Esta transcrição foi gerada automaticamente por Inteligência Artificial e pode conter erros ou imprecisões.

As notícias com Carla Jorge Carvalho. A presidente da Comissão Europeia entende que a União vive um momento ao mesmo tempo forte e precário, por causa dos vários desafios que enfrenta. Alguns dos destaques do discurso de Ursula von der Leyen no Estado da União.

No Parlamento Europeu em Estrasburgo, a presidente da Comissão Europeia faz uma avaliação positiva do último ano para a Europa. Considera que os 27 lidaram melhor do que se pensava com as guerras no Oriente Médio, mas ao mesmo tempo coloca o reforço da economia como o principal objetivo do futuro. Tempos que aí vêm, que Ursula von der Leyen classifica como excepcionais e desafiantes.

Eu diria que o estado da nossa União é o mais forte que já existiu, mas o estado da nossa União também pode parecer tão precário como nunca. Estas duas afirmações podem parecer incompatíveis, mas ambas são verdadeiras e refletem estes tempos excepcionais. Este tempo complexo de, por um lado, grandes possibilidades e, por outro, grandes perigos. Neste mundo, a Europa escolheu trilhar o seu próprio caminho. Este é o trabalho que fizemos nos últimos anos. Esta é uma Europa mais forte, mais independente, que está agora a surgir. É uma Europa que se está a libertar da dependência tóxica dos combustíveis fósseis russos. Esta é uma Europa que está a transformar a sua política industrial enquanto mantém o seu modelo social. Esta é uma Europa melhor capaz de se defender de gigantes.
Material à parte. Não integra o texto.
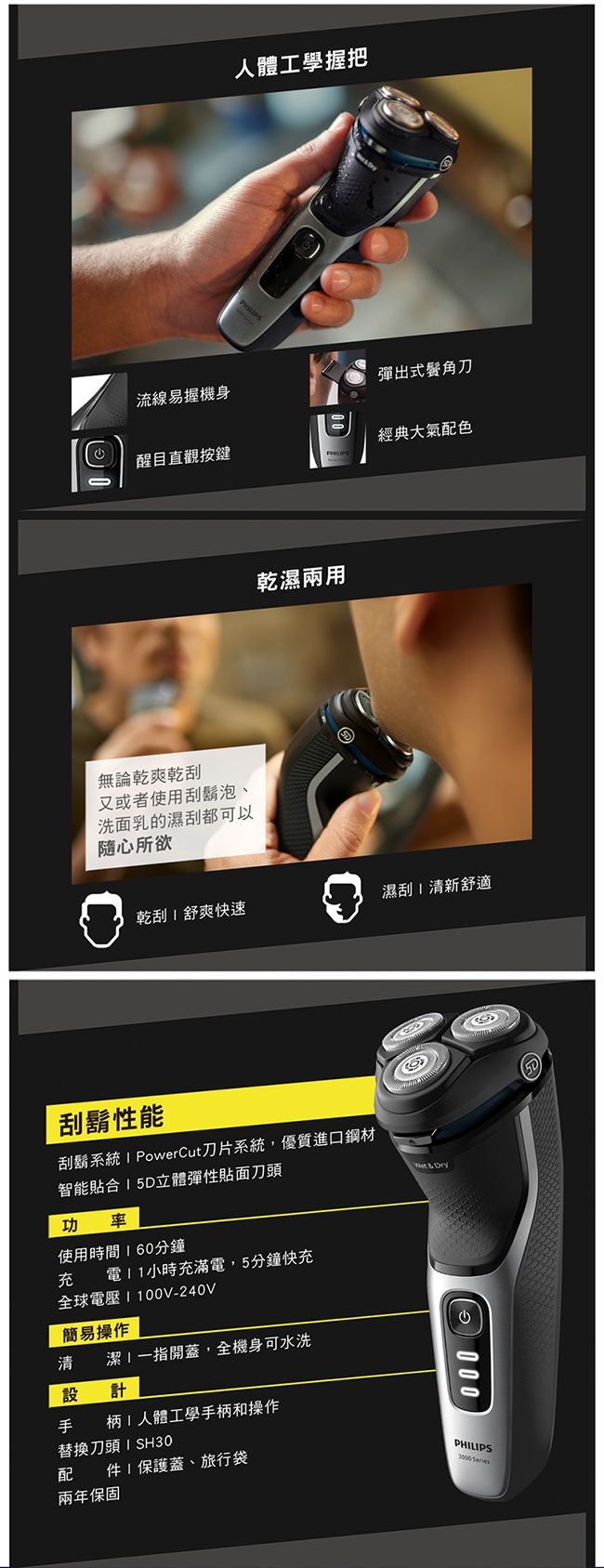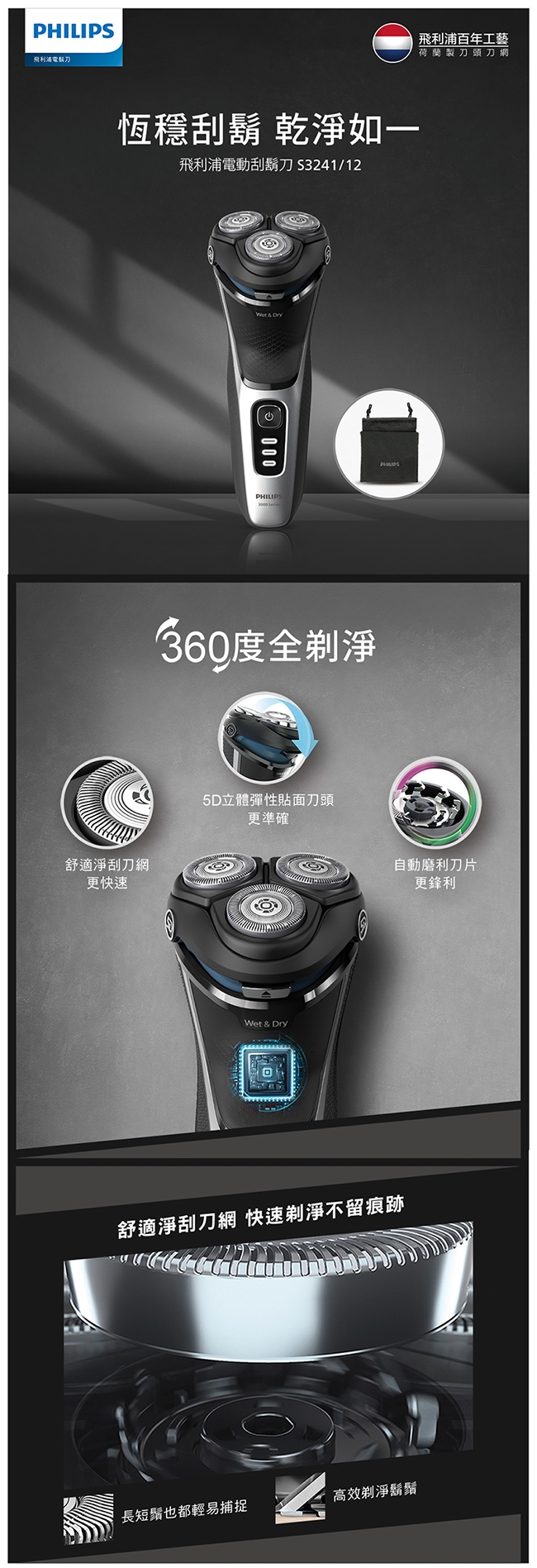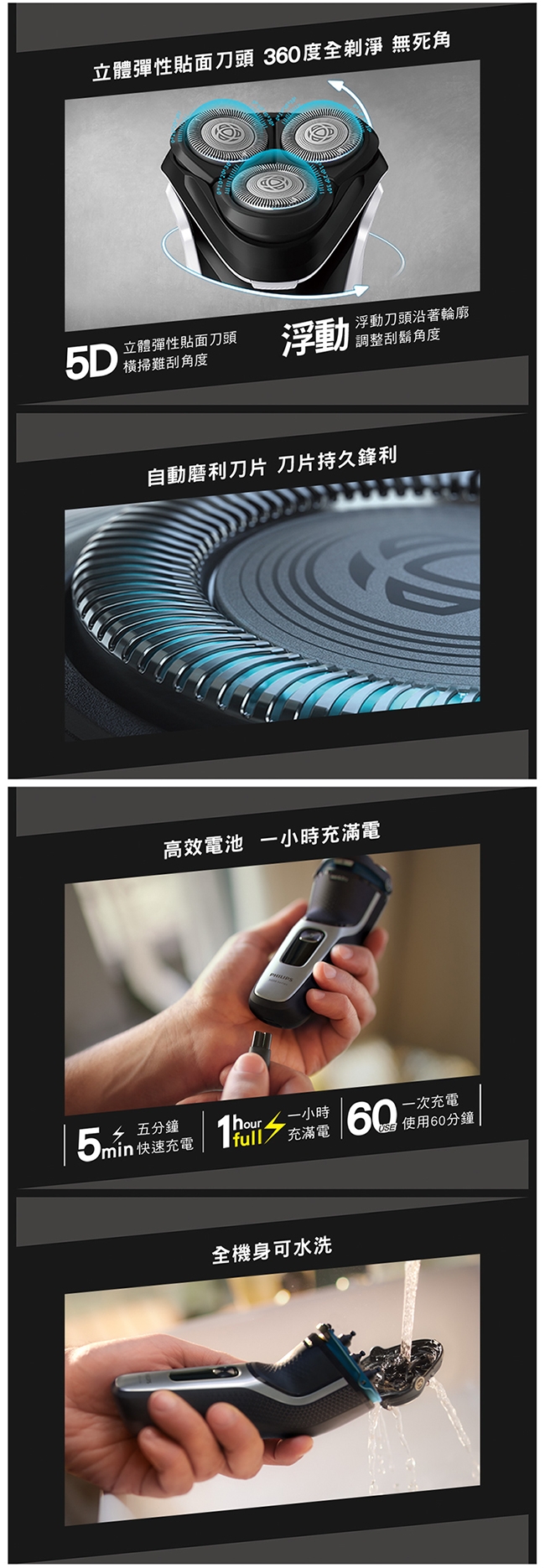 | 特殊功能 | 刀頭浮動設計, 鬢角修剪器, 電量顯示 |

A presidente da Comissão Europeia fala numa Europa que se apoia mutuamente, mas que enfrenta também desafios, como as guerras ou as ameaças de Donald Trump à Gronelândia. Ursula von der Leyen apela, por isso, aos Estados-membros para que acelerem a transição climática.

Veio o encerramento do Estreito de Ormuz e com isso, mais uma vez, sentimos amargamente o custo da nossa dependência geral dos combustíveis fósseis importados. Desde o início do conflito em Ormuz, os combustíveis importados custaram mais de 90 mil milhões de euros. Temos de investir mais depressa, temos de acelerar as ligações das redes, temos de criar armazenamento. Resumindo, vamos tornar o futuro da Europa elétrico.

A presidente da Comissão Europeia falou ainda sobre a relação da Europa com a China. Diz que precisa de ser reequilibrada, porque a atual situação é descrita como insustentável. Este discurso contou ainda com o convite para que o Canadá se junte ao bloco dos 27, como membro associado. Von der Leyen destaca ainda a necessidade de uma Europa mais unida, menos burocrática, para que se tomem decisões mais rápidas e eficazes.

E na análise, o especialista em assuntos europeus, Henrique Burnett, destaca que o discurso de von der Leyen revela um otimismo em tempos de pessimismo.

Foi o destaque aqui, a análise no Explicador. Henrique Burnett considera que o discurso da presidenta da Comissão Europeia não contou com grandes bandeiras de sucesso, mas deu pistas para o futuro da Europa.

Aquilo que von der Leyen quis dizer nessa abertura do discurso, citando aquela ideia do é o melhor dos tempos, é o pior dos tempos, é que, por um lado, vivemos riscos inéditos e, por outro lado, que temos algumas competências e algumas capacidades, também elas inéditas, para lhes responder. É uma espécie de otimismo em tempos de pessimismo. E talvez esse seja um bom resumo do tom do discurso, que não tem sido muito entusiasmante, nem com grandes bandeiras de sucesso, mas que dá pistas para onde é que se deve ir.

Análise de Henrique Burnett sobre o discurso de Ursula von der Leyen sobre o Estado da União. Nesta altura, está a decorrer o debate com os eurodeputados. O Jornal Expresso avança, entretanto, que Luís Montenegro defende que António Costa deve continuar à frente do Conselho Europeu por mais dois anos e meio. Em causa a solução proposta pelo presidente do Partido Popular Europeu, defende que não se mexe nos cargos de topo até o final da atual legislatura, o que implica tanto a reeleição de António Costa como de Roberta Metsola, como presidente do Parlamento Europeu. O mandato de António Costa termina em junho do próximo ano.

Este é um dia cheio na Assembleia da República. Os deputados vão hoje à escala discutir vários temas, nomeadamente as mais recentes polémicas relacionadas com o governo.

A começar pela criação de uma comissão parlamentar de inquérito aos exames nacionais. A ideia vai ser votada esta tarde no plenário. Os partidos vão discutir também o relatório anual de segurança interna de 2025, que apontou para um aumento da criminalidade geral, mas uma diminuição da criminalidade grave e violenta. Vai debater-se ainda esta tarde o caso das bandeiras em edifícios públicos. O presidente da Assembleia da República fala também esta manhã aos jornalistas sobre a comissão de inquérito. Luís Neves. Realiza-se também a votação do requerimento do Chega para ouvir o diretor nacional da Judiciária. E há uma série de audições marcadas para esta manhã, desde logo, o ministro da Economia, sobre a execução do PRR. Decorrem neste momento as audições ao atual presidente do INEM, Luís Cabral, e depois ao antigo presidente do Instituto, Sérgio Janeiro.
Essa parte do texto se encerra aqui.